Les membres du forum 4chan ont avoué avoir gonflé le nombre de signatures sur la pétition en ligne demandant un deuxième référendum sur le Brexit. Sur les quatre millions de signatures enregistrées, difficile de dire combien sont recevables.
La légitimité de la pétition en ligne en faveur d’un second référendum sur le Brexit, qui agite le Royaume-Uni depuis ce week-end, est remise en question. Que penser des 78 résidents "britanniques" du Vatican qui l’ont signée, ou encore des 19 qui assurent habiter à l’année sur le Territoire antarctique ? Sans compter celui qui a, soit disant, réussi à se connecter depuis la Corée du Nord, l’un des pays les plus cyber-reclus au monde.
Une chose est sûre : il n’y a pas forcément quatre millions de Britanniques en faveur d’un nouveau vote derrière toutes les signatures affichées. Le comité qui les contrôle a retiré 77 000 signatures jugées trop fantaisistes, lundi. Une purge était en effet devenue nécessaire : plus de 39 000 signataires affirmaient vivre au Vatican (alors que seules 800 personnes y résident) et 23 000 prétendaient habiter en Corée du Nord.
"Nous avons enlevé environ 77 000 signatures qui avaient été ajoutées frauduleusement. Nous continuerons à contrôler toute activité suspecte".
4chan et Marion Maréchal Le Pen
De quoi jeter un voile de suspicion sur une pétition censée symboliser le sursaut des partisans du "remain" dans l’Union européenne. L’initiative avait déjà pris un mauvais départ. Son auteur, un étudiant en sciences politiques de Leicester du nom de William Oliver Healey est un partisan du Brexit.
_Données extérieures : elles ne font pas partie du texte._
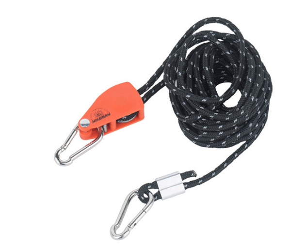 로프 당기기: 손잡이를 이용해 로프를 당겨 텐트나 타프를 팽팽하게 만듭니다.
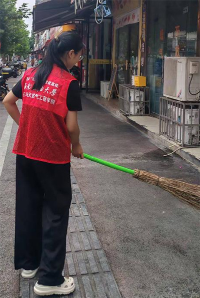 -環(huán)境整治時,學子與志愿者手持掃帚、簸箕,對主干道、背街小巷細致清理,俯身撿拾煙頭、紙屑,鏟除墻角堆積的落葉與雜物、清理衛(wèi)生死角和小廣告,還借“垃圾分類小游戲”促環(huán)保,讓社區(qū)環(huán)境煥然一新,居民出行更舒暢。
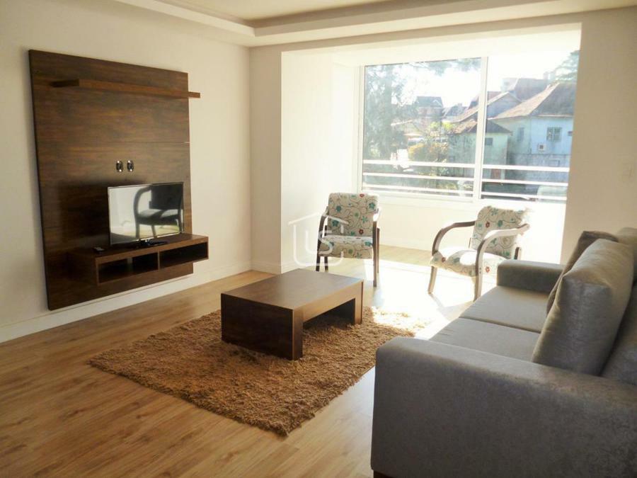 Localização ímpar de Gramado!!Excelente apartamento, em andar alto, semi mobiliado, com ótima posição solar, bem distribuído em 3 suítes, sendo uma com sacada integrada, amplo living dois ambientes com espera para lareira e sacada integrada e fechada, cozinha americana com churrasqueria, lavabo, lavanderia, esperas para calefação, água quente e split e 2 vagas de garagem.

Il avait crée la consultation en ligne en mai dernier lorsqu’il pensait que le vote serait en faveur d’un maintien dans l’UE.
Mais ce paradoxe n’est qu’une broutille comparée au grand trucage revendiqué ce week-end par des membres du controversé forum internet 4chan. Connus pour leurs blagues plus que potaches et certaines cyber-actions très critiquées (harcèlements électroniques, fausses alertes à la bombe, etc.), plusieurs de ces trublions du Net affirment avoir créé de toutes pièces des "dizaines de milliers de fausses signatures".
"Toutes les pétitions en ligne sont une fraude, et celle-ci ne fait pas exception. Il suffisait de le démontrer", affirme l’un des intervenants dans la discussion consacrée à cette "blague" sur le sous-forum "/pol" (pour politique). L’opération ne semble pas avoir été trop compliquée à mener tant la sécurisation du processus d’inscription laisse à désirer. Le formulaire demande simplement d’indiquer un nom, une adresse mail, un pays de résidence et une adresse postale. Il faut aussi affirmer qu’on est bel et bien de nationalité britannique. Même Marion Marechal Le Pen – qui n’a pourtant rien à voir avec 4chan – a réussi à signer la pétition sous le nom Napoléon Bonaparte, souligne Le Monde.
95,8 % des signataires au Royaume-Uni
Les membres de 4chan l’ont fait à une échelle beaucoup plus industrielle que l’élue frontiste. Ils affirment – capture d’écran à l’appui – avoir utilisé des programmes qui automatisent le processus d’inscription et de signature en générant à chaque fois des adresses emails fictives et des faux noms. Ils ont poussé le vice blagueur jusqu’à passer par des programmes qui permettent de créer des fausses adresses IP (les identifiants des ordinateurs sur l’Internet qui permettent notamment de géolocaliser les utilisateurs) pour donner l’impression technologique qu’ils se trouvent, par exemple, au Vatican ou à Londres.
Reste à savoir à quel point cette manipulation ôte toute crédibilité à la pétition. Après tout, 95,8 % des signataires, après la purge des 77 000 faux participants, se déclarent résidents britanniques. Les domiciliations farfelues qui incitent à la méfiance – d’Oman à la Somalie en passant par le Népal – sont ainsi largement minoritaires. L’initiative reste donc une affaire majoritairement britannico-britannique, même si certains des manipulateurs se sont faits passer de leur propre aveu pour des sujet de la reine Elizabeth. N’empêche que la légitimité de toute la démarche a été remise en cause; un argument qui ne manquera pas d’être invoqué par les partisans du Brexit si l’éventualité d’un deuxième référendum se précisait.